Source data:
┌──

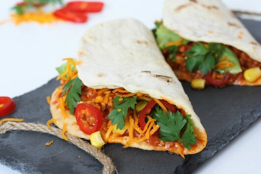 TORTILLA chilli con carne bolognese 150g, fasole rosie 70g, coriandru, usturoi, sare, ardei iute,mozzarella 30g, cartofi pai 200g, ketchup 50,00 RON
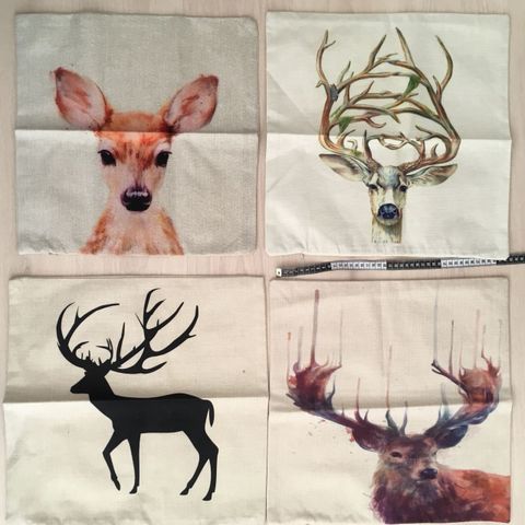 Kaksi hirviaiheista tyynyä. Hirven saa tarralla olemaan "seisoma-asennossa" ja tarran avaamalla tyynymuodossa.
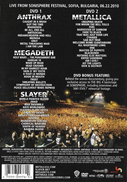 Recorded live in Sofia, Bulgaria, on June 22, 2010. DVD 2 bonus feature: Behind the scenes documentary, giving you exclusive access to The Big 4 backstage at Sonisphere, including interviews and "Am I Evil ?" rehearsal footage.
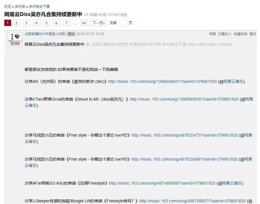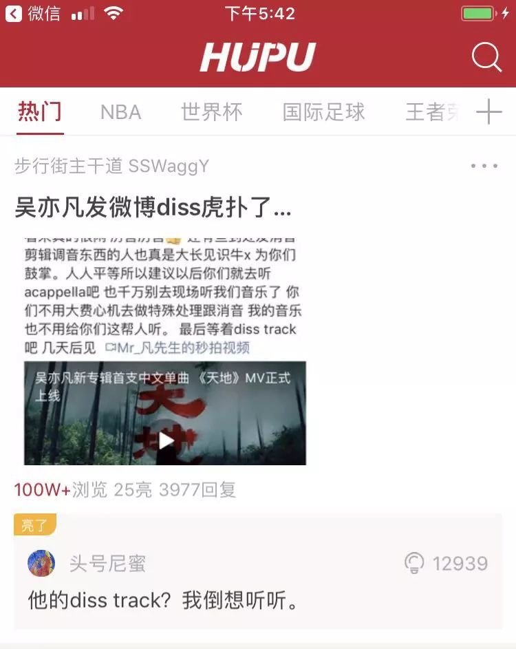 这次虎扑用户和吴亦凡粉丝刚起来,说到底是因为虎扑用户觉得吴亦凡唱功不行,这其实是一个吐槽的点。虎扑用户开始是自己录歌diss,后来索性发起了一个帖子,汇总了网易云音乐全网所有diss吴亦凡的音乐,看起来颇为震撼。
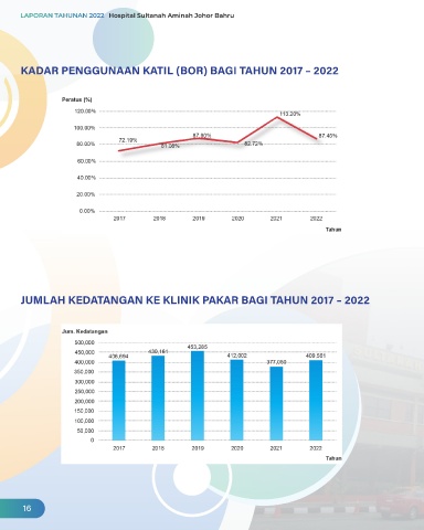 KADAR PENGGUNAAN KATIL (BOR) BAGI TAHUN 2017 – 2022 JUMLAH KEDATANGAN KE KLINIK PAKAR BAGI TAHUN 2017 – 2022 16
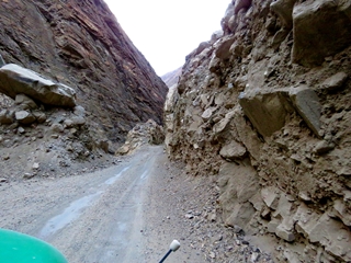 Wir haben Glück … bisher kein Gegenverkehr und ab dem ersten Tunnel ist die Straße bis auf wenige kurze Stücke wieder geteert und die Kurven sind langgezogen. Bevor wir einen Tunnel passieren, benutzen wir unser Hand-Nebelhorn (Souvenir noch aus unserer australischen Bootszeit) … hupen uns den Weg frei. Für alle Fälle gibt es immer wieder kleinere Ausweichbuchten.
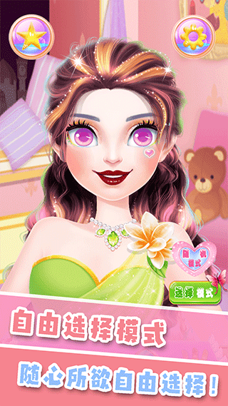 1、进入游戏后,分别有随机模式和选择模式供玩家选择,玩家可以自由选择为一位好看的公主化妆;
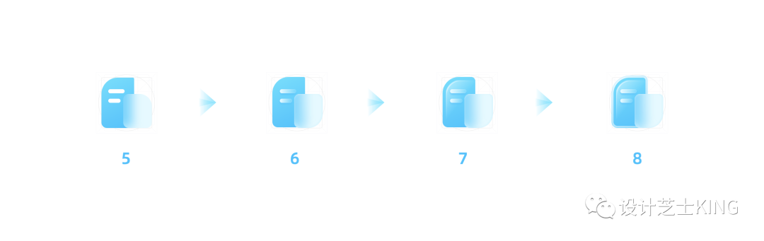 (7)到这里呢其实已经可以算完成了这个图标的设计,但是能不能进一步优化呢?当然可以。在左侧增加一个白色渐变和光影曲线,进一步增强通透,清爽的风格调性
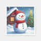 A festive snowman adorned with a red hat and scarf, standing next to a beautifully decorated Christmas tree during a snowy winter evening near a charming wooden cabin.
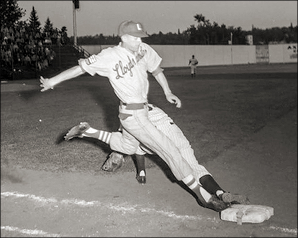 An unidentified (Dick Barry?) Lloydminster Meridan on a close play at first base at Renfrew Park at Edmonton.
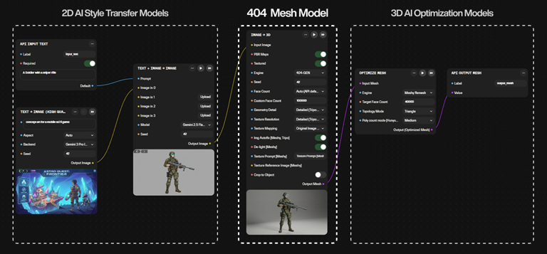 이 광범위한 향상 파이프라인은 404의 핵심 3D 생성 외에도 2D 이미지, 영상, 리깅(rigging), 애니메이션 모델을 통합하여, 궁극적으로 404의 출력물을 엔터프라이즈에 더욱 가치 있게 만듭니다.
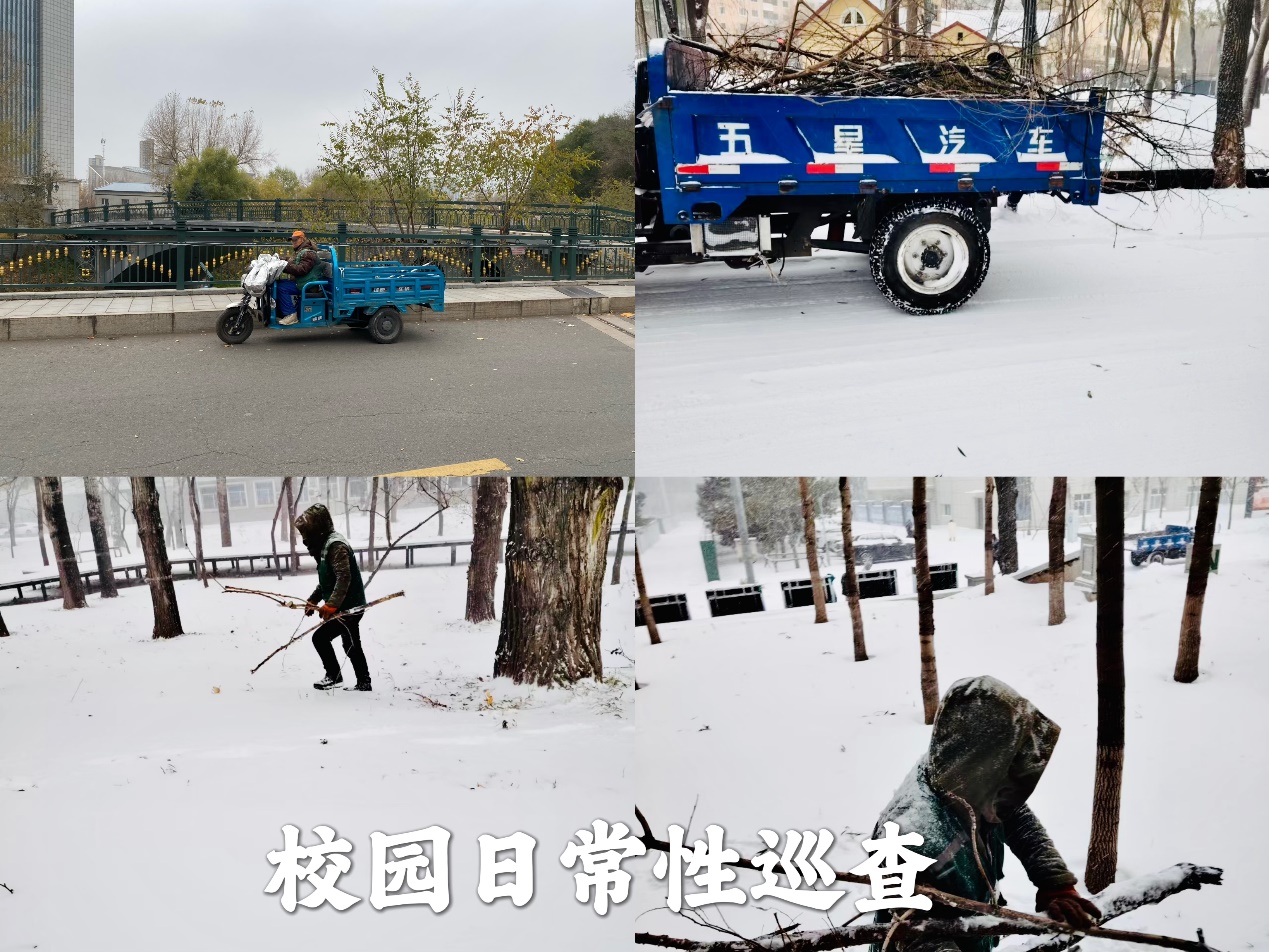 校园日常性巡查工作持续开展,及时发现、清理风折枝、悬挂枝,保障师生通行安全。完成了缓存的绿化修剪物、废弃物等绿化垃圾的外运工作。

└──

**Exercise details:** Copy back exactly the lines above from the one containing "KADAR PENGGUNAAN KATIL" through the one containing "Wir haben Glück", and leave every picture behind.

**Answer to the problem:**
 KADAR PENGGUNAAN KATIL (BOR) BAGI TAHUN 2017 – 2022 JUMLAH KEDATANGAN KE KLINIK PAKAR BAGI TAHUN 2017 – 2022 16
 Wir haben Glück … bisher kein Gegenverkehr und ab dem ersten Tunnel ist die Straße bis auf wenige kurze Stücke wieder geteert und die Kurven sind langgezogen. Bevor wir einen Tunnel passieren, benutzen wir unser Hand-Nebelhorn (Souvenir noch aus unserer australischen Bootszeit) … hupen uns den Weg frei. Für alle Fälle gibt es immer wieder kleinere Ausweichbuchten.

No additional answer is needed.